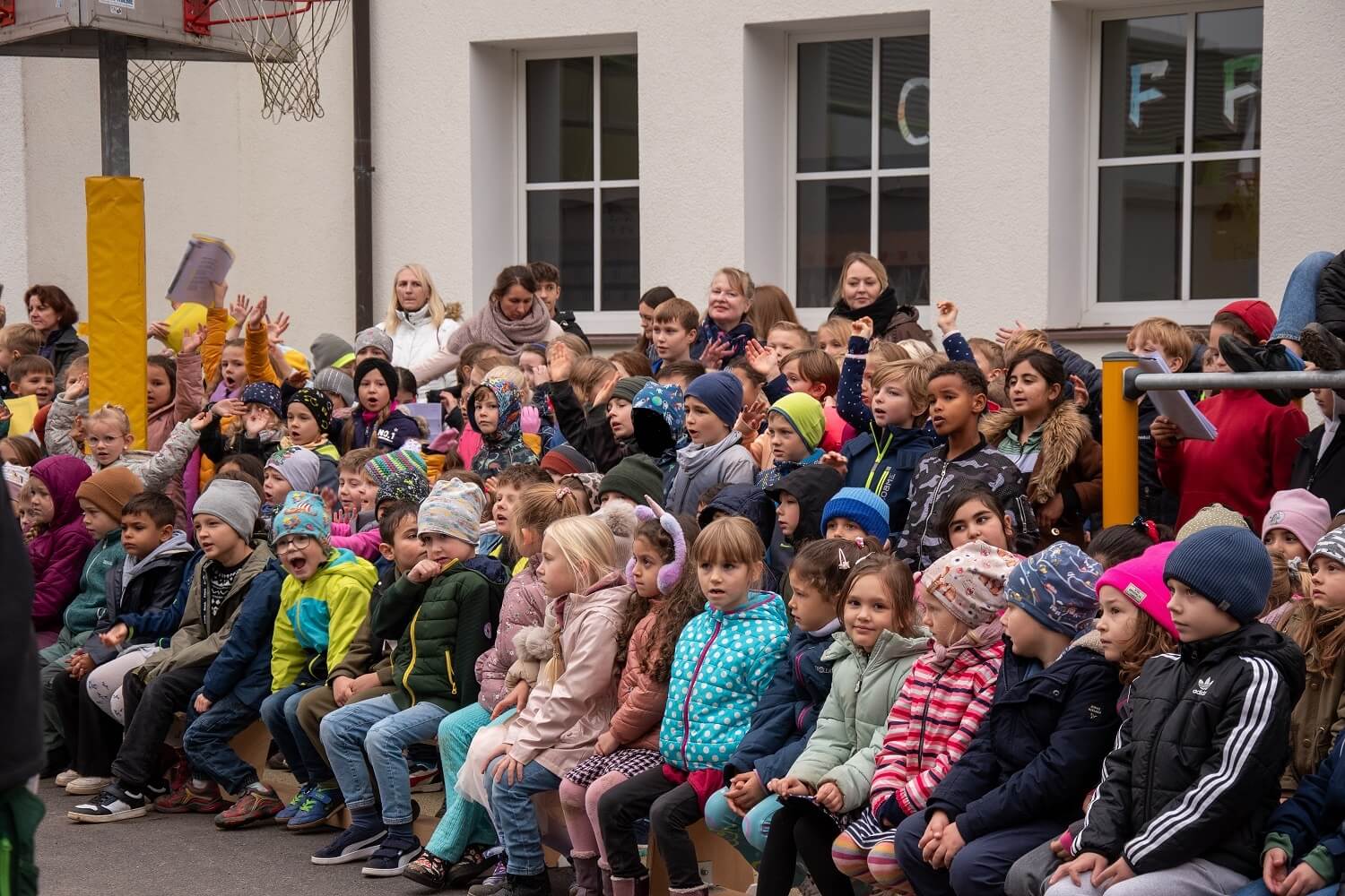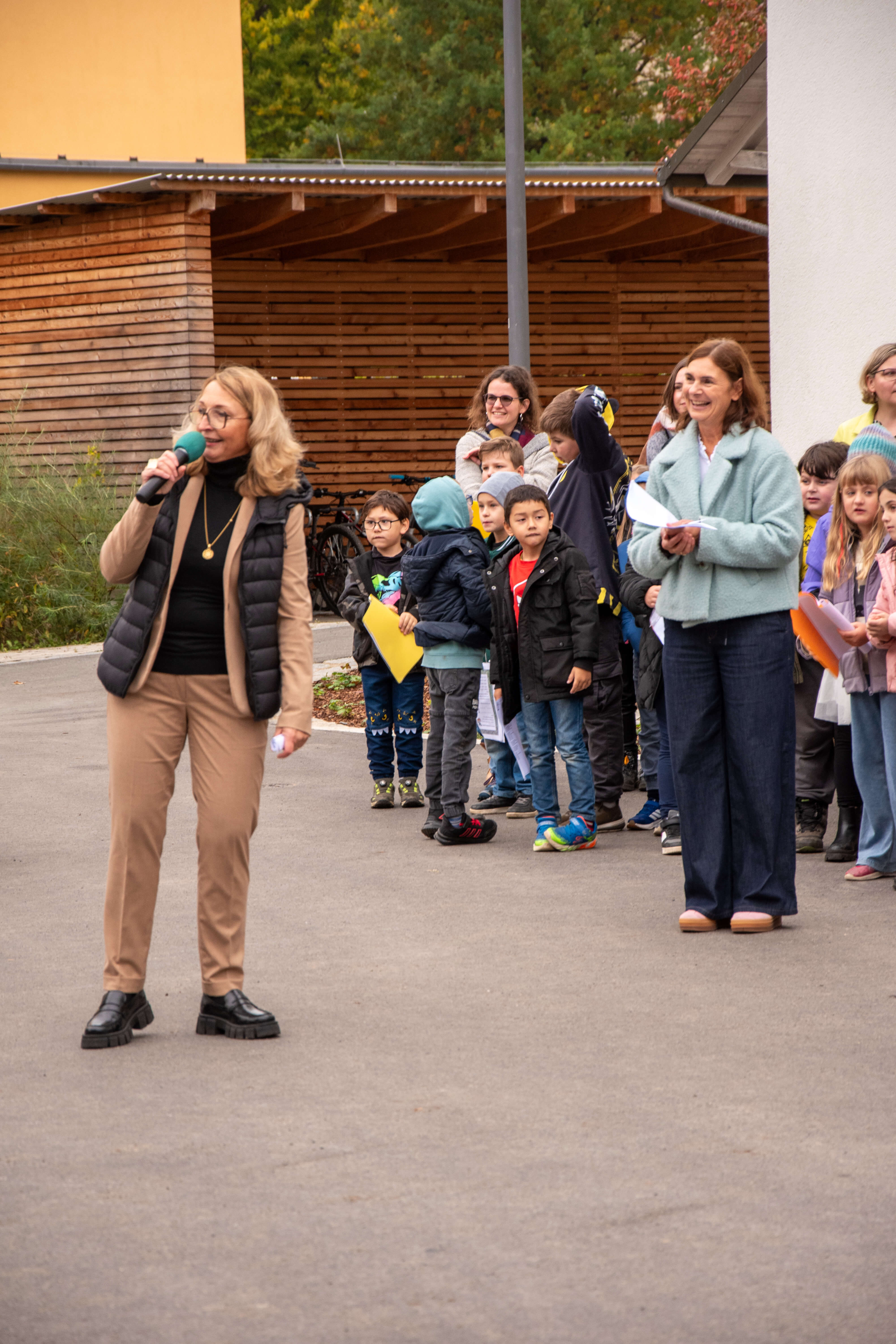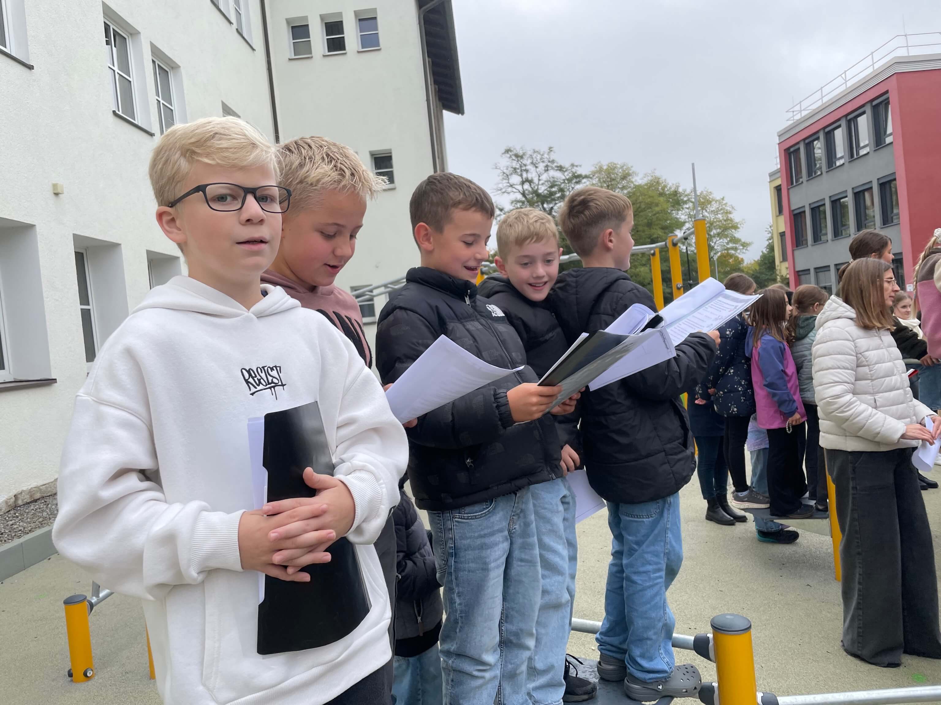 Alle Kinder, Lehrer, Vertreter des Elternbeirats und Fördervereins unserer Grundschule haben sich am Pausenhof versammelt und waren sehr aufgeregt. So lange haben wir der Eröffnung entgegengefiebert! Die Viertklässler haben sogar schon vier lange Jahre auf diesen großen Tag gewartet.
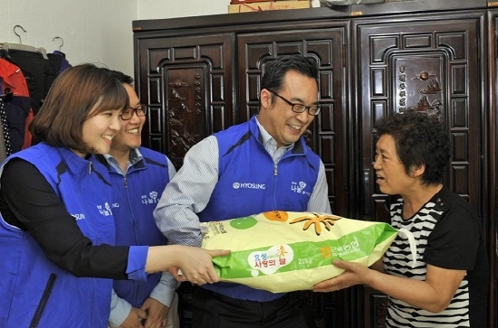 효성은 가정의 달을 맞아 지난 26일 본사가 위치한 마포구에 경제적으로 어려움을 겪고 있는 이웃에게 쌀을 나눠주는 행사를 가졌다고 27일 밝혔다. 이 나눔 행사는 2006년부터 진행돼오고 있다.
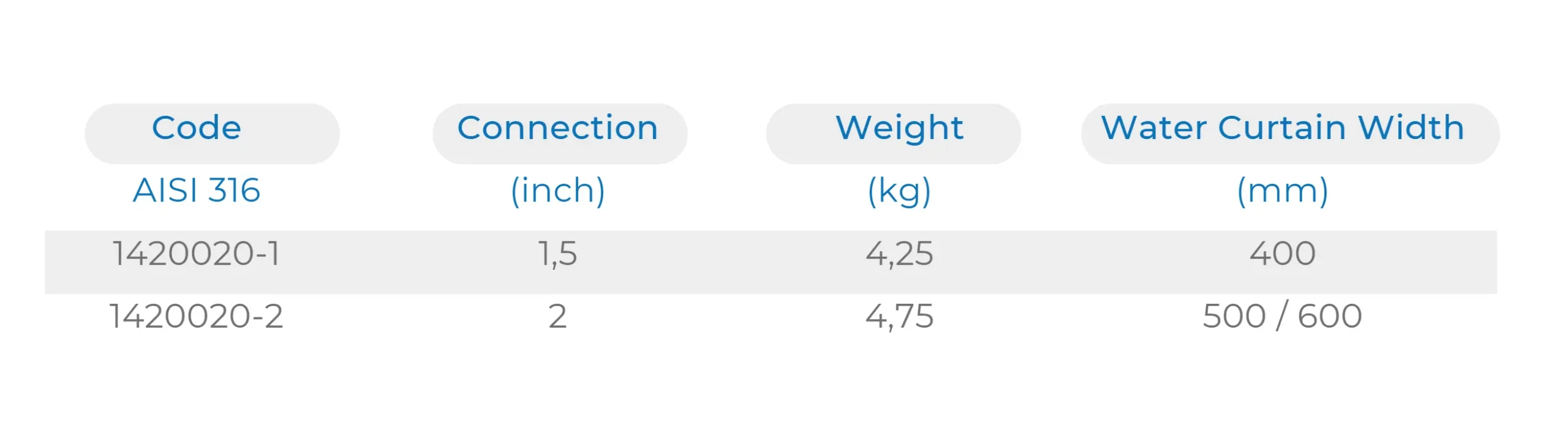 Made of AISI 316 stainless steel with two connections (1.5” and 2”) for Water Curtains.
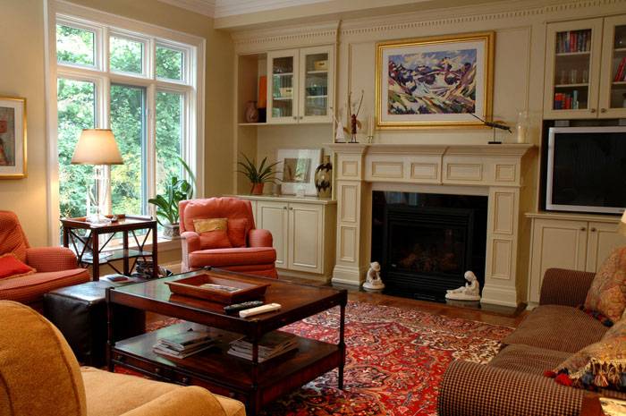 Semasa mula mengatur perabot di ruang tamu, anda harus lebih mengutamakan simetri. Untuk melakukan ini, pada mulanya anda mesti memilih pusat, berbanding dengan perabot selebihnya untuk ruang tamu klasik pada masa akan datang. Foto dalaman yang sudah dihiasi menunjukkan bahawa perapian, meja makan atau kopi, permaidani boleh menjadi pusat dewan. Perabot diatur dengan mengambil kira jumlah kawasan rekreasi.
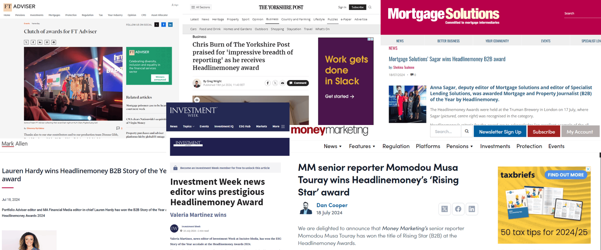 Portfolio Adviser’s editor wins Headlinemoney B2B Story of the Year award - Portfolio Adviser
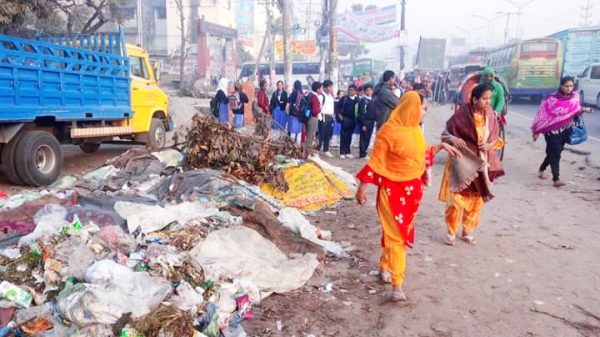 সাভার গেন্ডা বাসস্ট্যান্ডে ময়লা-আবর্জনার স্তূপ দূর্গন্ধে পথচারীরা
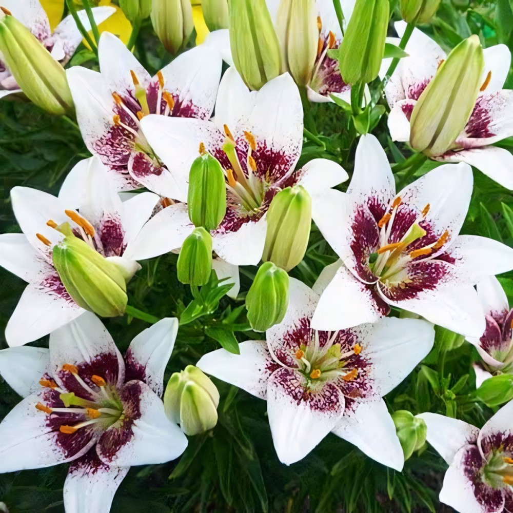 | Период цветенияиюль | Стандарт поставкиЛуковица в пакете | Цвет цветкаБелый, бордовый |
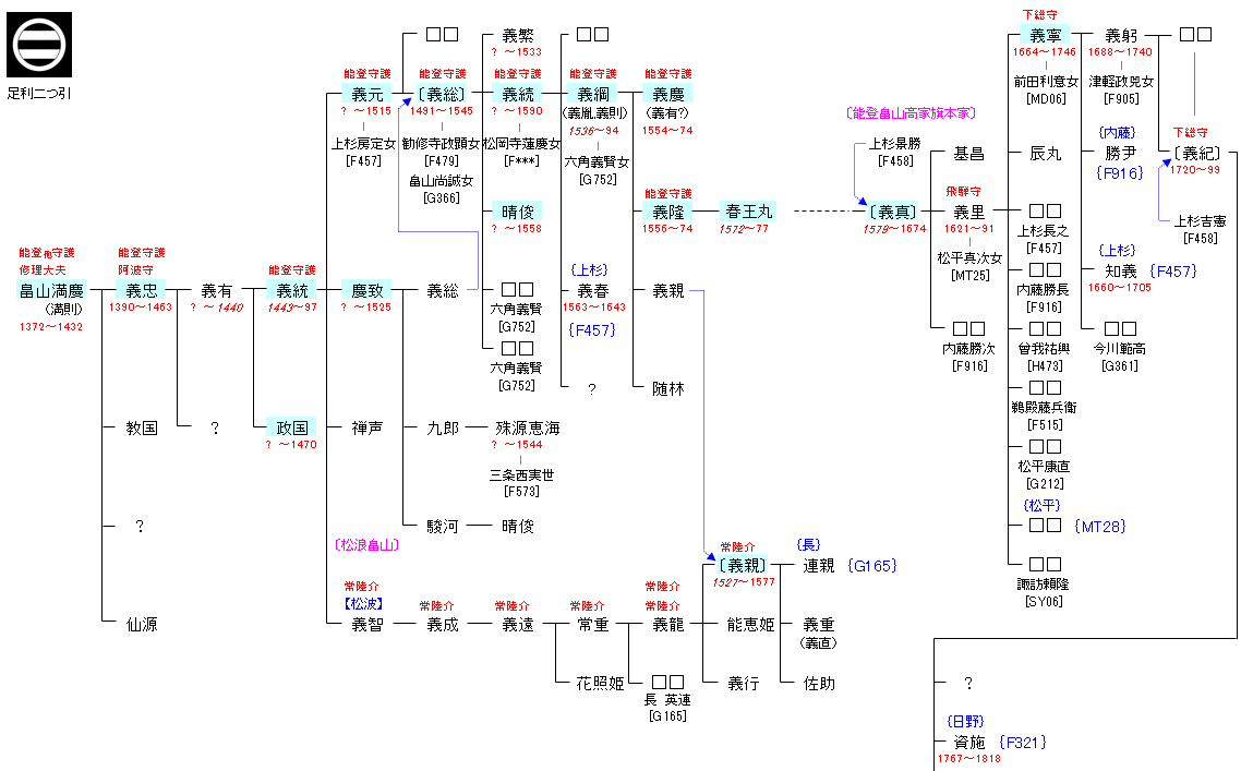 | G366:畠山義純 | 源 経基 ― 源 頼信 ― 源 義国 ― 畠山義純 ― 畠山満慶 | G367:畠山満慶 | ● |
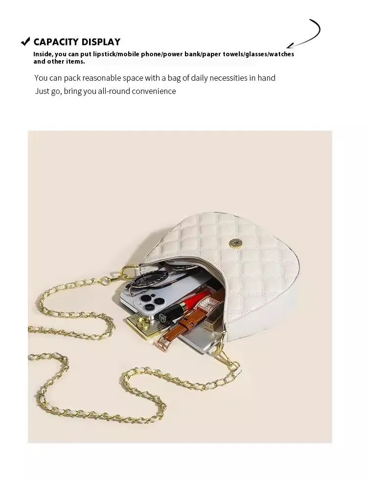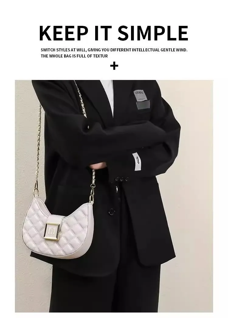 The High-End New Fashion Rhombus Single Shoulder Underarm All-Match Niche Texture Chain Messenger Bag is the ultimate accessory for women who appreciate refined elegance and versatile design. With its distinctive rhombus texture and chic chain accents, this bag is a timeless piece that effortlessly enhances any outfit. Perfect for formal occasions, casual outings, or evenings out, it’s a must-have addition to your collection.
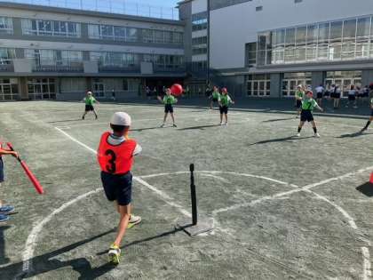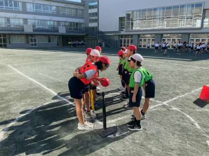体育の時間です。礼儀正しくあいさつをして,Tボールのゲームが始まりました。
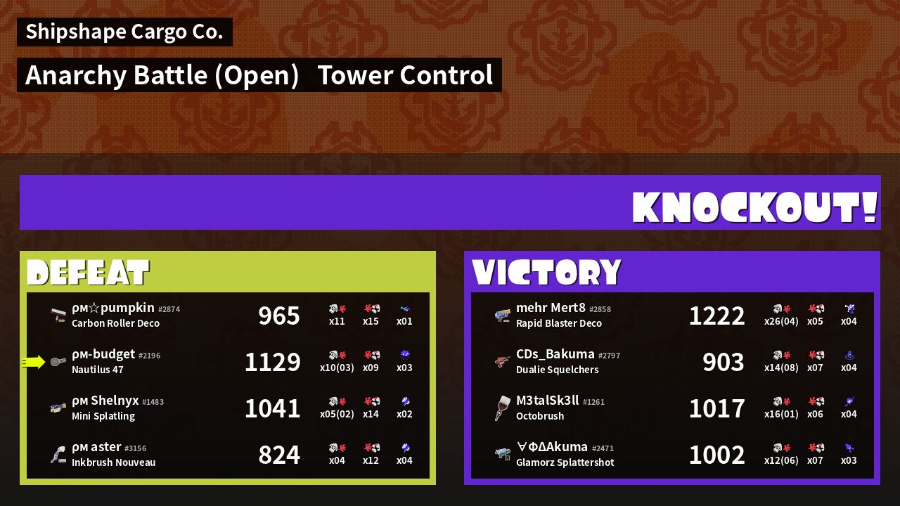 | Mode | Tower Control - Anarchy Battle (Open) | ||
* * *
→ GOAL OF THE EXERCISE: Output the entries above verbatim. Omit the images.

→ EXERCISE ANSWER:
 Alle Kinder, Lehrer, Vertreter des Elternbeirats und Fördervereins unserer Grundschule haben sich am Pausenhof versammelt und waren sehr aufgeregt. So lange haben wir der Eröffnung entgegengefiebert! Die Viertklässler haben sogar schon vier lange Jahre auf diesen großen Tag gewartet.
 효성은 가정의 달을 맞아 지난 26일 본사가 위치한 마포구에 경제적으로 어려움을 겪고 있는 이웃에게 쌀을 나눠주는 행사를 가졌다고 27일 밝혔다. 이 나눔 행사는 2006년부터 진행돼오고 있다.
 Made of AISI 316 stainless steel with two connections (1.5” and 2”) for Water Curtains.
 Semasa mula mengatur perabot di ruang tamu, anda harus lebih mengutamakan simetri. Untuk melakukan ini, pada mulanya anda mesti memilih pusat, berbanding dengan perabot selebihnya untuk ruang tamu klasik pada masa akan datang. Foto dalaman yang sudah dihiasi menunjukkan bahawa perapian, meja makan atau kopi, permaidani boleh menjadi pusat dewan. Perabot diatur dengan mengambil kira jumlah kawasan rekreasi.
 Portfolio Adviser’s editor wins Headlinemoney B2B Story of the Year award - Portfolio Adviser
 সাভার গেন্ডা বাসস্ট্যান্ডে ময়লা-আবর্জনার স্তূপ দূর্গন্ধে পথচারীরা
 | Период цветенияиюль | Стандарт поставкиЛуковица в пакете | Цвет цветкаБелый, бордовый |
 | G366:畠山義純 | 源 経基 ― 源 頼信 ― 源 義国 ― 畠山義純 ― 畠山満慶 | G367:畠山満慶 | ● |
 The High-End New Fashion Rhombus Single Shoulder Underarm All-Match Niche Texture Chain Messenger Bag is the ultimate accessory for women who appreciate refined elegance and versatile design. With its distinctive rhombus texture and chic chain accents, this bag is a timeless piece that effortlessly enhances any outfit. Perfect for formal occasions, casual outings, or evenings out, it’s a must-have addition to your collection.
体育の時間です。礼儀正しくあいさつをして,Tボールのゲームが始まりました。
 | Mode | Tower Control - Anarchy Battle (Open) | ||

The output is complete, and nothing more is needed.